Eu beijo sua cabeça, tentando lhe passar conforto.
— Você está indo muito bem, boneca. — Ganho um sorriso
fraco seu em troca.
— Ai, meu Deus! Está vindo! — Geme forte e empurra mais
uma vez.
Vejo Helena escorregar para fora com um choro agudo,
deixando claro para todos que chegou neste mundo.
Sorrio emocionado quando a enfermeira me oferece uma
tesoura para cortar seu cordão umbilical. Depois, eles limpam a
pequena e a deitam em cima do peito de Giovanna. Eu toco a
bochecha rosada da minha mulher e beijo seus lábios.
— Obrigado, angelo mio! — sussurrei.
— Você está feliz com apenas duas meninas? — Olha-me
cautelosa.
— Está tudo perfeito. — confortei-a.
— Que bom! Porque eu não quero ficar tentando e tentando
até vir um menino.
Eu não preciso de um. Estou feliz por ter sido agraciado por
duas meninas saudáveis.
— Não se preocupe com isso, amor! — Acaricio os cabelos
fartos de Helena, que são tão escuros quanto os da irmã mais velha.
— Não é engraçado que nenhuma das duas tenha puxado o
tom dos meus cabelos? — Giovanna questionou, pensando o
mesmo que eu.
— Elas são lindas como você. Os olhos das duas sempre me
farão lembrar de você onde quer que esteja.
— Eu te amo! — murmurou.
— Também te amo, principessa!
Assim que somos transferidos para o quarto, Samantha coloca
a cabeça para dentro do cômodo e nos olha ansiosa.
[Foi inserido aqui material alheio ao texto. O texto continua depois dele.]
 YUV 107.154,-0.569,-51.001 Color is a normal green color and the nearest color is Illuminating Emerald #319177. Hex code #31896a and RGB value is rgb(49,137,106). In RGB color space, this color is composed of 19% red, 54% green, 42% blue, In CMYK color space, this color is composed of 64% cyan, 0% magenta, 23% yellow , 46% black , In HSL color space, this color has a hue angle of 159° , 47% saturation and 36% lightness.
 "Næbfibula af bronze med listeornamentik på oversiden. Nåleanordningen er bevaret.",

— Podemos entrar? — perguntou receosa.
Ela é muito parecida com Giovanna. A única diferença está na
cor do cabelo. O seu brilha feito fios de ouro, de tão loiro.
— Sim. Venha conhecer a nova integrante da família! — eu a
incentivei a entrar.
Ela abre mais a porta e entra carregando Luna, sendo seguida
por Camillo. Assim que a pequena me vê, joga-se nos meus braços,
chupando seus dedinhos gordinhos. É a menina do papai. Por
incrível que pareça, ela é muito mais apegada a mim do que à
Giovanna. O que a faz ficar com ciúme às vezes.
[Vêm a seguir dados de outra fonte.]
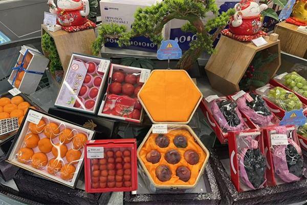Jiaxing Zuili plums in hexagonal gift boxes are seen at a Dubai supermarket. [Photo/Tide News]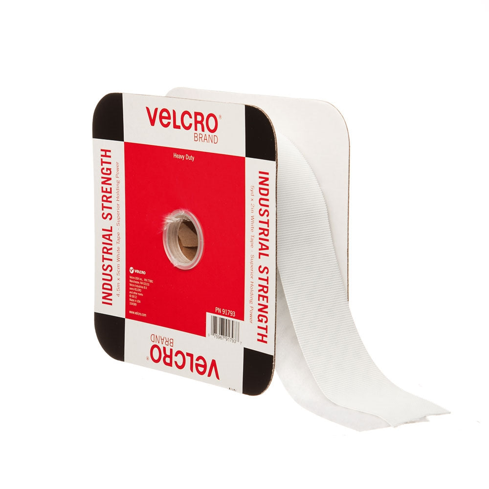 • VELCRO Brand 90198 Fastener, 2 in W, 15 ft L, Nylon, White, Rubber Adhesive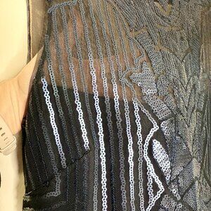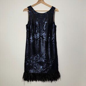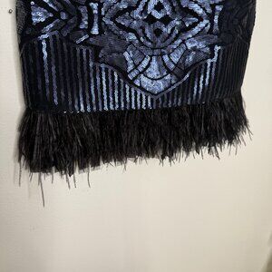 BCBGMaxazria navy blue cocktail dress with black feather and mesh fringe. Festive sequin pattern, mesh at top and on shoulders. Bottom has black feathered fringe. Great Gatsby, flapper, 1920 themed.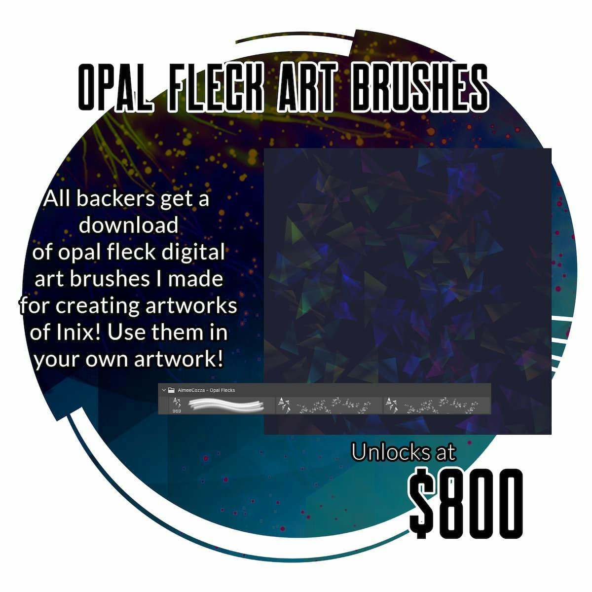 If we reach a funding goal of $800 (2x), I will include as a digital reward a digital brush you can use in Photoshop, Clip Studio Paint, or anywhere that supports .abr files to make the opal fleck look of Inix's silicone skin!

— Veio conhecer sua irmãzinha, baby Luna? — Ela se remexe
em meus braços, olhando a irmã dormindo.
Eu a levo para perto da cama, e quando tento colocá-la ao
lado de Helena, ela estica um beicinho de choro e vira o rosto.
— Seu temperamento é igual ao de sua mãe, não é? –
brinquei, balançando-a para se acalmar.
— Pelo menos isso, tinha que puxar de mim. — Giovanna
provocou.
— Prevejo muitas confusões no futuro. — resmunguei, fazendo
Camillo rir.
— Eu espero ter os meus logo. — Sam ostenta um grande
sorriso ao seu lado. — Quero ter uns quatro. Você também,
Camillo? — perguntou docemente.
— Tudo que você quiser, minha linda. — Seus olhos brilham
de alegria.
Eu rio, percebendo que as mulheres Vittieli têm um charme
irresistível que nos deixa amarrados pelas bolas.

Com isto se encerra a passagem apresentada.